## SOURCE DATA

[Start of Attachment]

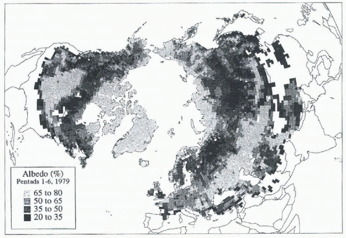 Albedo estimates over snow-covered lands during the first six pentads of 1979 are shown in Figure 1. In this example, any cell that was snow covered during at least one pentad of this interval is assigned an albedo by averaging the cell values for the six pentads. Albedos >50% are observed in the fully snow-covered steppe, plains and prairie of the middle latitudes, as well as over high-latitude tundra. Lower albedos between these two zones are a function of trees within the boreal forests masking the underlying snow-covered ground. Values within the periphery of the snow-covered region (snow transition zone), despite often being in non-forested areas, are commonly > 50%, as snow did not cover the ground throughout the six pentads.
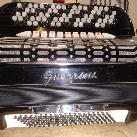 Lastebil i bevegelseFiks ferdig10 000 krGuerrini 3-korig trekkspill. Oktavtemt. 49 tonar. Norsk system.BergenLegg til som favoritt.
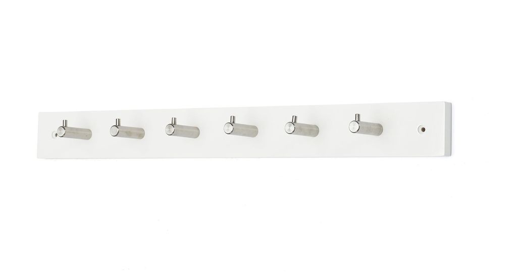 Krokrad på vit högglanslackerad list med krokar i borstat rostfritt stål. Passar för upphängning i hall, sovrum osv.

[End of Attachment]

## TASK TO COMPLETE
From the line containing "Lastebil i bevegelseFiks" down to the end of the listing above, every line is to be returned exactly, though the pictures are not.

## SOLUTION FOR THIS EXERCISE
 Lastebil i bevegelseFiks ferdig10 000 krGuerrini 3-korig trekkspill. Oktavtemt. 49 tonar. Norsk system.BergenLegg til som favoritt.
 Krokrad på vit högglanslackerad list med krokar i borstat rostfritt stål. Passar för upphängning i hall, sovrum osv.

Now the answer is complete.